# Scarlet Badis-Dario Dario



## chenowethpm (Jan 8, 2014)

Just happened on a pair of these lovely tiny fish. Just now got them acclimated to their very own 10 gallon that used to be home to my emerald Corys. Whom since have been moved to my community tank. The scarlet badis' are very shy but beautiful. This is not a very good pic of one with my phone, but they're about half an inch long.


----------



## majerah1 (Oct 29, 2010)

Cute little guys!


----------



## coralbandit (Jul 29, 2012)

Have you seen them eat?All I have ever heard is they are PICKY eaters!Some ONLY feeding on live until hopefully trained.
I believe Dale(dalfed) has kept some before(or may still even have some?).


----------



## Gizmo (Dec 6, 2010)

I kept a male scarlet badis for close to a year. Thought I had him trained to flake food, but for all I know he could have been subsisting off of RCS babies (I had ~100 in my ten gallon). BEAUTIFUL fish, very timid, very interesting swimming patterns.


----------



## chenowethpm (Jan 8, 2014)

Well the lfs had them trained to eat tubifex but I read that it is bad for them. I read that cyclops is the best food for their primary diet. I'm going home right now to try and feed them for the first time. The lfs told me when I got them yesterday they had just eaten a lot. We will see in a little while. Fingers crossed that I can feed the little guys.


----------



## coralbandit (Jul 29, 2012)

chenowethpm said:


> Well the lfs had them trained to eat tubifex but I read that it is bad for them. I read that cyclops is the best food for their primary diet. I'm going home right now to try and feed them for the first time. The lfs told me when I got them yesterday they had just eaten a lot. We will see in a little while. Fingers crossed that I can feed the little guys.

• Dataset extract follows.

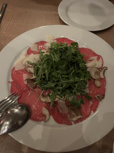 Carpaccio All' Albese - this dish is a bundle of arugula salad sitting atop a plate of VERY thinly sliced beef filet - and the beef is RAW. I actually enjoyed the beef a lot! Filet is super soft and creamy - almost melts in your mouth. The "beef taste" is very subtle and I actually had to try it by itself to really get a taste of it, b/c when I take a bite of everything together, all I taste is parmiagiano and arugula.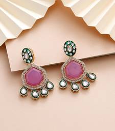 Earring Length: 6.00 Cm X Width: 2.70 Cm | Metal: Alloy With Good Quality Gold Plated | Color: Light Purple | Stone: Kundan | Gross Weight: 32.00 Grams | Package Content: 1 Pair Of Earring | Back Finding: Post With Friction Back X Earring Style: Dangle

The more I have read there is no food that is" good".Someone will find the flaw in live food!I've read Brine shrimp are crap!Blood worms are NOT very nutritious.Mysis are questionable?????
I still feed ;freeze dried tubiflex(all my fish love them!),Frozen bloodworms,frozen mysis,Frozen BBS and rotifers for fry and juvis ,frozen daphnia and 2-3 different kinds of flake,and 2 sizes of NLS pellets(new life spectrum).
Good luck with these guys they are a "trophy fish" in fish keeping!
Nice choice!


----------



## chenowethpm (Jan 8, 2014)

First attempt was unsuccessful. I'm gonna leave the food in there for a little while and see. I might have to hatch some brine shrimp or something live, we will see.


----------



## coralbandit (Jul 29, 2012)

Sad to say,but my trophy fish remark is in that it is a known diffacult fish to keep.
Always be nice to the LFS you frequent the most(no matter what),but for the "most finicky" or many marine fish "the buyer"(you and me) get to ask to see the fish eat in front of our eyes!
If not then they will hold fish for 2-3 weeks(this is why you stay nice no matter what).
Freshwater challenges are few and far between(you picked some though) ,but in the marine world you won't last 3 years without being mad if you don't make them show you the fish eat!STRAIGHT DOPE!
Even my #3 (snooty place) will feed the whole tank to sell me 1 fish!
If it doesn't eat in front of my eyes,I ask them to hold or just come back later(taking great mental note the condition of fish for comparison a week later ....).


----------



## chenowethpm (Jan 8, 2014)

It was a week ago that I first saw them but they had already been there a week. So when I got them they had been there for 2 weeks. I went in and watched for a while at least three times. I hear you. One of the coolest things about this lfs is on their website the list new arrivals every week. I'm there at least 3 times a week, even if it's only to look. Great advice CB!


----------



## chenowethpm (Jan 8, 2014)

First feeding attempt wasn't very successful. One of them seemed interested for a sec then quickly lost interest. I tried some frozen cyclops in a syringe and squirted it in their faces, not even phased. I tried some tubifex and one took a quick nibble but then retreated to the plants. The other one wasn't digging it either. Tonight I'm going to try some live mosquito larvae that I gathered. I'm going to set up a brine shrimp hatchery to morrow to see if they'll eat that. My hope is that if I can train them to eat SOMETHING from the syringe/pipet, that I can replace the live with dead foods. Here's to the joys of fishkeeping. It's all a fun learning experience.


----------



## chenowethpm (Jan 8, 2014)

Success! They ate the mosquito larva up. He liked to hunt them down and attack them. It's a pretty cool sight to watch this tiny fish act mighty. I think it WILL be possible if I can get him to keep eating like I fed them I can train them on other foods.


----------



## chenowethpm (Jan 8, 2014)

Update, after 2 weeks of training. I have these little guys eating frozen bloodworms and freeze dried tubifex. I put the food in the flow from the filter so they can "hunt" it. They are a pretty cool tiny fish! And more active than I thought.


----------